▶ _Problem to solve_
In the records below, repeat exactly the lines between the line holding "Метод убеждения –" and the line holding "Vintage Wrangler Pearl", inclusive, and drop the pictures.

====== Data records ======

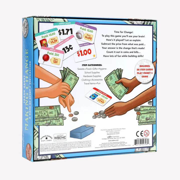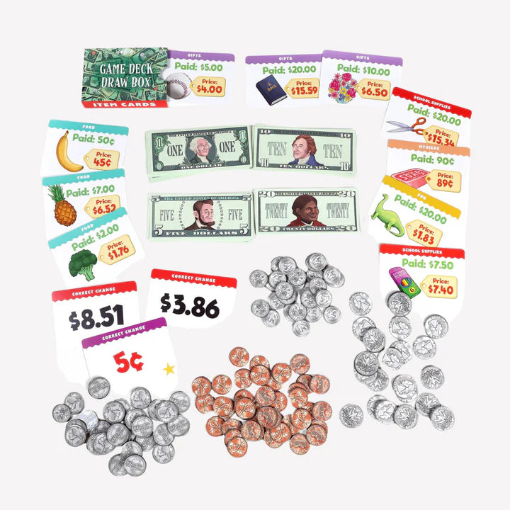 Making Change is a wonderful learning game where players use mental math to subtract the price of an item from the amount paid to make the correct change. Whoever collects the most items wins, get one item from each of 10 categories for bonus points. Fun and education for the whole family!
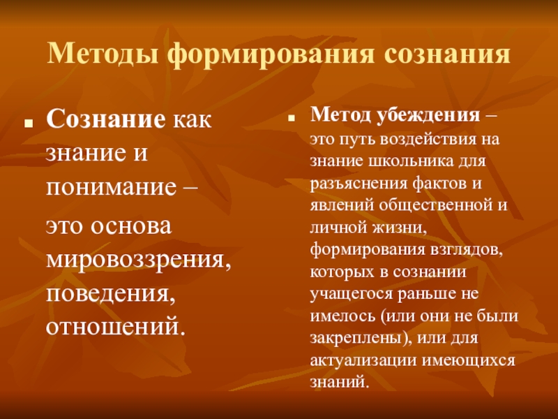 Метод убеждения – это путь воздействия на знание школьника для разъяснения фактов и явлений общественной и личной жизни, формирования взглядов, которых в сознании учащегося раньше не имелось (или они не были закреплены), или для актуализации имеющихся знаний.
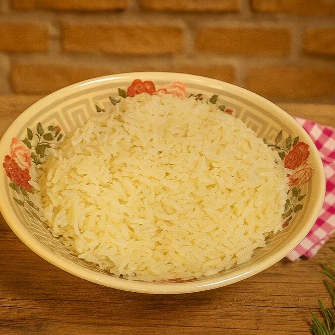 Arroz branco soltinho e fresquinho, preparado no Dia para garantir sabor, leveza e qualidade.
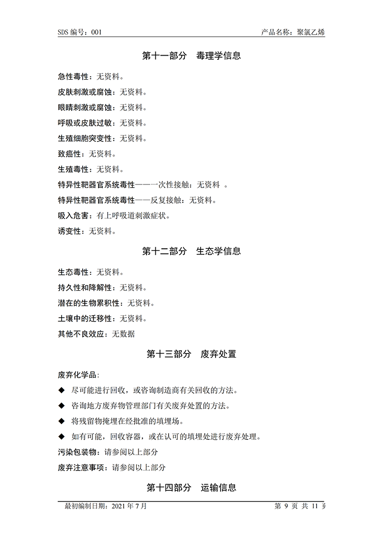 聚氯乙烯PVC化学品MSDS说明书(11.26)
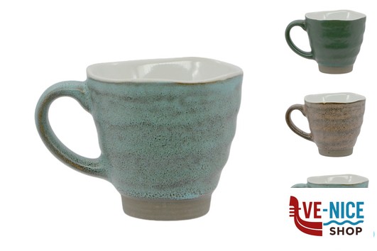 COLLEZIONE DI TAZZE IN STONEWARE CON UN PIACEVOLE DECORO A STRISCIE IN RIELIEVO. DISPONIBILI IN 3 COLORI ASSORTITI
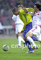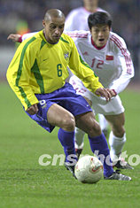 巴西隊排出三五二陣容,依靠“三R”組成銳利的鐵三角力圖控制中場,中國隊則擺出四五一陣容,采用中場密集攔截的戰(zhàn)術(shù)布置,瓦解巴西隊的進(jìn)攻。開場后十五分鐘內(nèi),雙方互相試探,攻勢平平,只是巴西隊在十二分鐘時,右路連續(xù)獲得兩個角球機會,才掀起一絲波瀾。三十分鐘時,巴西隊在進(jìn)攻左前方獲得直接任意球機會,里瓦爾多一記漂亮的弧線球繞過中國隊人墻,直奔球門左側(cè),幸被中國隊門將劉云飛撲出。
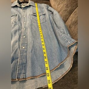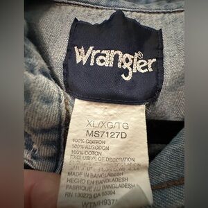 Vintage Wrangler Pearl Snap Blue Denim Shirt XL 90’s Western Jean Long Tail
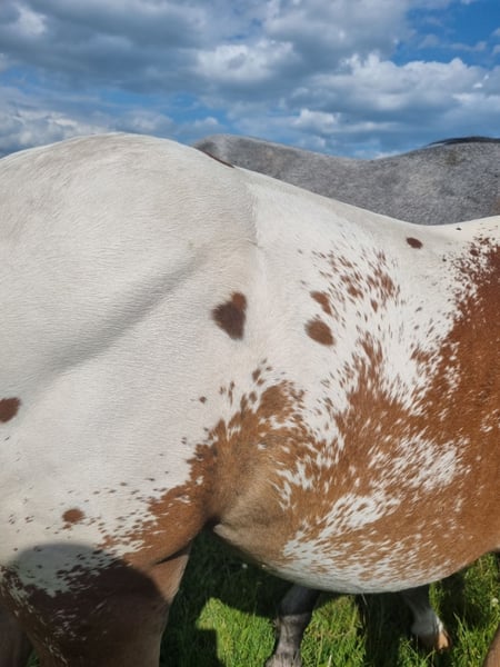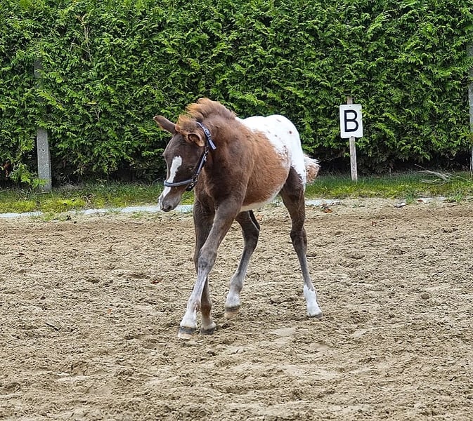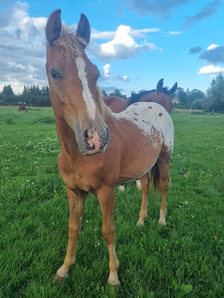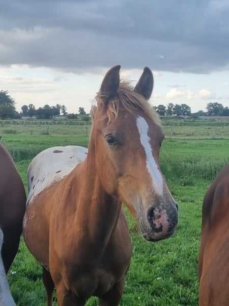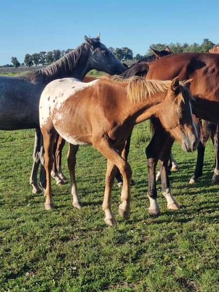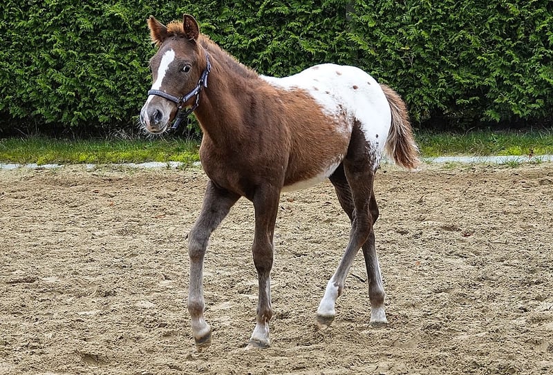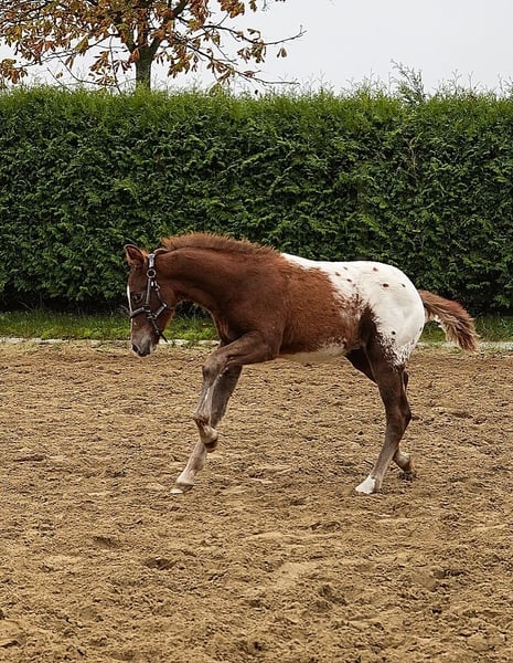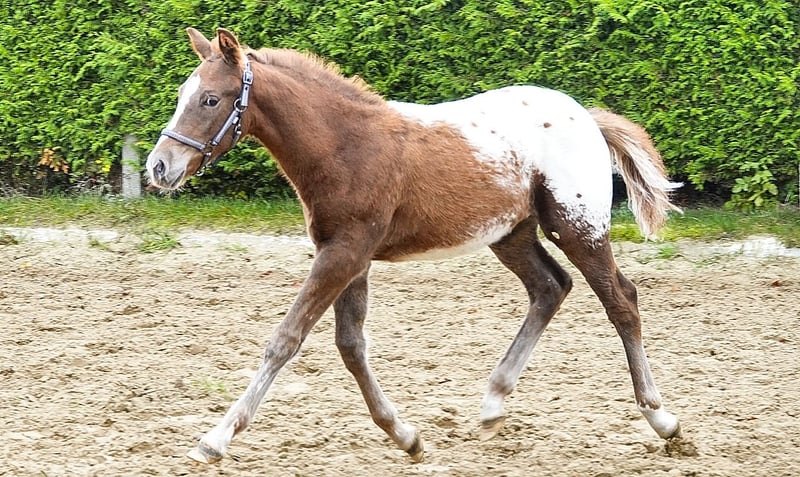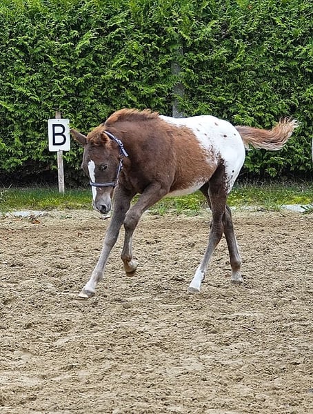 Hallo Verkaufe hier meinen Junghengst Spotted Diabolo, er ist geimpft und gechippt, Pass wurde gerade beantragt. Die Farbe nennt man Fuchsschabrack- Tigerschecke, allerdings ist er mehrfarbig (diverse Brauntöne, sowie teilweise schwarz). Es ist möglich, dass er das "Roan-Gen" in sich trägt, da die Mama getesteter Roan ist (nicht weiter bei Spotti getestet). Spotti ist sogar Farbwechsler, im Sommer ein heller Fuchs und im Winter ist er ein Dunkelfuchstiger. Er läuft als Freizeitpferd (ohne Ahnenpass). Spotti wird wie seine Eltern um die 1,55m +/- 3cm. Der kleine Hengst verfügt über schöne Gänge, ein gutes, stabiles Fundament und einen ehrlichen Charakter. Aufgrund des jungen Alters wird definitiv noch Erziehung benötigt, dabei sollte man liebevoll und konsequent sein. Er möchte regelmäßig gearbeitet werden. Für ein Leckerli macht er sehr viel. Seine Mutter ist ein schweres Warmblut (o.P.) und der Vater ein Knabstrupper (o.P.), beide sehr gute Springer. Der Opa von dem Kleinen ist Knabstrupper Olaf (Showpferd auf Facebook). Falls Interesse besteht gerne melden. LG Die Abgabe erfolgt aufgrund von Bestandsverkleinerung und Zeitmangel
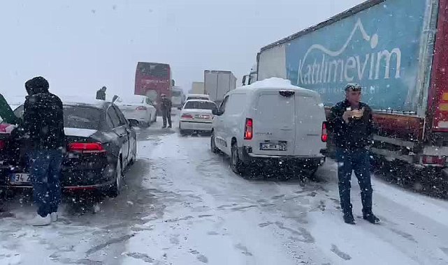 (ANKARA) - Ankara-İstanbul yolunda kar yağışı ve buna bağlı olarak yaşanan kazalar nedeniyle trafik durma noktasına geldi. Meteoroloji'nin uyarılarının ardından yurtta soğuk hava ve kar etkili olmaya başladı. Ankara-İstanbul yolu üzerinde yakınlarında şiddetli kar yağışı ve buna bağlı yaşanan kazalar nedeniyle trafik durma noktasına geldi. Ankara’dan İstanbul’a gitmekte olan vatandaşlar, Bolu Tüneli’ne 10 km kala trafik akışının durması nedeniyle bir süre yolda beklemek zorunda kaldı.Kar yağışı nedeniyle yolların buz tuttuğu görüldü. Şiddetli kar yağışı ve yoğun tipinin hakim olduğu bölgede, bazı vatandaşlar, trafik akışının durması nedeniyle araçlarından inerek yolda bekledi.
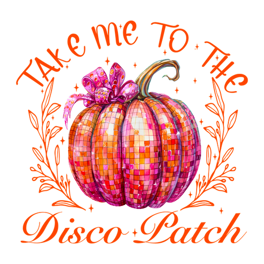 Una calabaza vibrante, estilo mosaico, adornada con un lazo y la divertida frase "Llévame a Disco Patch".
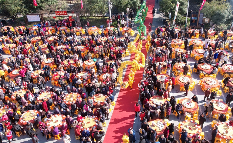当日,浙江省湖州市德清县莫干山镇后坞村举办第五届民俗集福节“年猪饭”活动,打年糕、舞龙灯、做圆子、制礼糕、看表演,村民们与前来观摩的游客一起感受乡村传统民俗年味,喜迎新年。
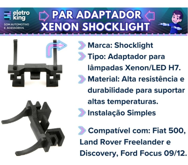 Par Adaptador Xenon/Led H7 compatível com Fiat 500, Land Rover Freelander e Discovery, Ford Focus 09/12 - SLL-14-H7 Estes adaptadores Shocklight são essenciais para a instalação correta das lâmpadas de LED/xênon, modelo H7, no seu carro. Eles evitam que seja necessária fazer qualquer adaptação irregular no encaixe das lâmpadas LED/Xênon, pois substituem as peças que são usadas para fixar as lâmpadas halógenas H7 originais de fábrica. Faça uma instalação com rapidez e sem danificar a tomada original! Especificações Técnicas: • Marca: Shocklight • Tipo: Adaptador para lâmpadas Xenon/LED H7 • Cód. Referência: SLL-14-H7 • Material: Alta resistência e durabilidade para suportar altas temperaturas. • Instalação: Simples, sem necessidade de modificações no sistema original do veículo. • Uso: Facilita a instalação de lâmpadas Xenon ou LED, melhorando a eficiência luminosa dos faróis. • Compatível com: Fiat 500/ Land Rover Freelander e Discovery / Ford Focus 09/12. ATENÇÃO! Antes de efetuar a compra verifique se o adaptador do anúncio servirá no seu carro, pois cada veículo possui um modelo de adaptador H7 diferente. Conteúdo da Embalagem: • 01 par de adaptador para Led/Xênon Importante: • Garantia de 90 Dias. • Valor do Par.
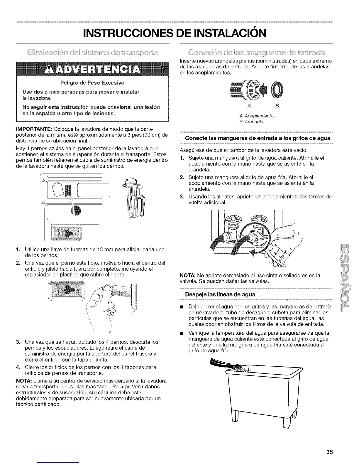 NOTA: Llame a su centre de servicio mas cercano si la lavadora
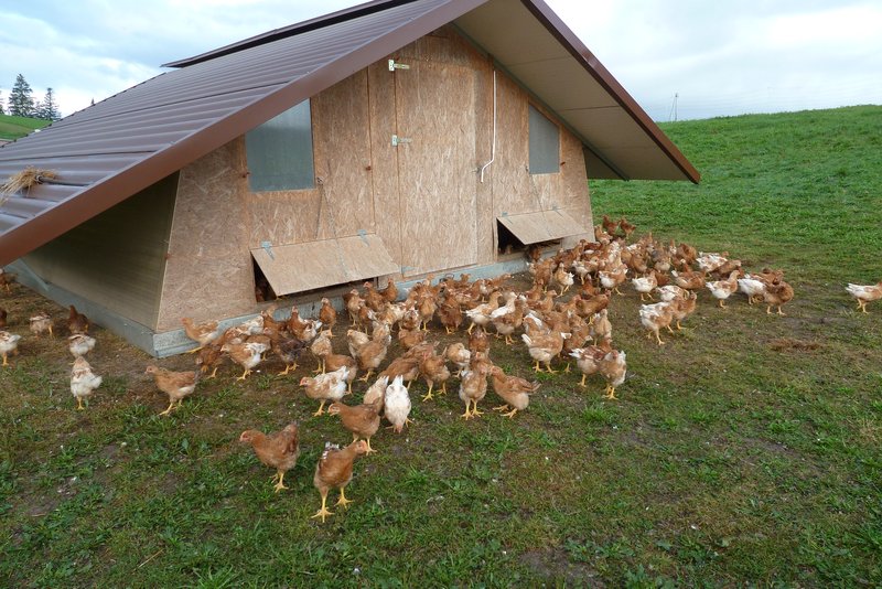 Erika Bigler: Grössere Geflügelställe verfügen über eine mechanische Lüftung und einen Stallcomputer, womit das Stallklima gesteuert und die Stallluft intensiv ausgetauscht werden kann. Diese Ställe sind gut isoliert, wodurch sie sich weniger schnell aufwärmen. Heute werden auch häufig Vernebelungsanlagen zur Kühlung fix eingebaut. In mobilen und kleineren Hühnerställen wird die Stallluft häufig nur über Lüftungsschlitze und Lüftungsöffnungen erneuert. Dies, und die eher schlechtere Gebäudeisolation, führt bei sommerlichem Wetter zu eher heisseren Temperaturen im Stall.

======

▶ _Expected output_
 Метод убеждения – это путь воздействия на знание школьника для разъяснения фактов и явлений общественной и личной жизни, формирования взглядов, которых в сознании учащегося раньше не имелось (или они не были закреплены), или для актуализации имеющихся знаний.
 Arroz branco soltinho e fresquinho, preparado no Dia para garantir sabor, leveza e qualidade.
 聚氯乙烯PVC化学品MSDS说明书(11.26)
 COLLEZIONE DI TAZZE IN STONEWARE CON UN PIACEVOLE DECORO A STRISCIE IN RIELIEVO. DISPONIBILI IN 3 COLORI ASSORTITI
 巴西隊排出三五二陣容,依靠“三R”組成銳利的鐵三角力圖控制中場,中國隊則擺出四五一陣容,采用中場密集攔截的戰(zhàn)術(shù)布置,瓦解巴西隊的進(jìn)攻。開場后十五分鐘內(nèi),雙方互相試探,攻勢平平,只是巴西隊在十二分鐘時,右路連續(xù)獲得兩個角球機會,才掀起一絲波瀾。三十分鐘時,巴西隊在進(jìn)攻左前方獲得直接任意球機會,里瓦爾多一記漂亮的弧線球繞過中國隊人墻,直奔球門左側(cè),幸被中國隊門將劉云飛撲出。
 Vintage Wrangler Pearl Snap Blue Denim Shirt XL 90’s Western Jean Long Tail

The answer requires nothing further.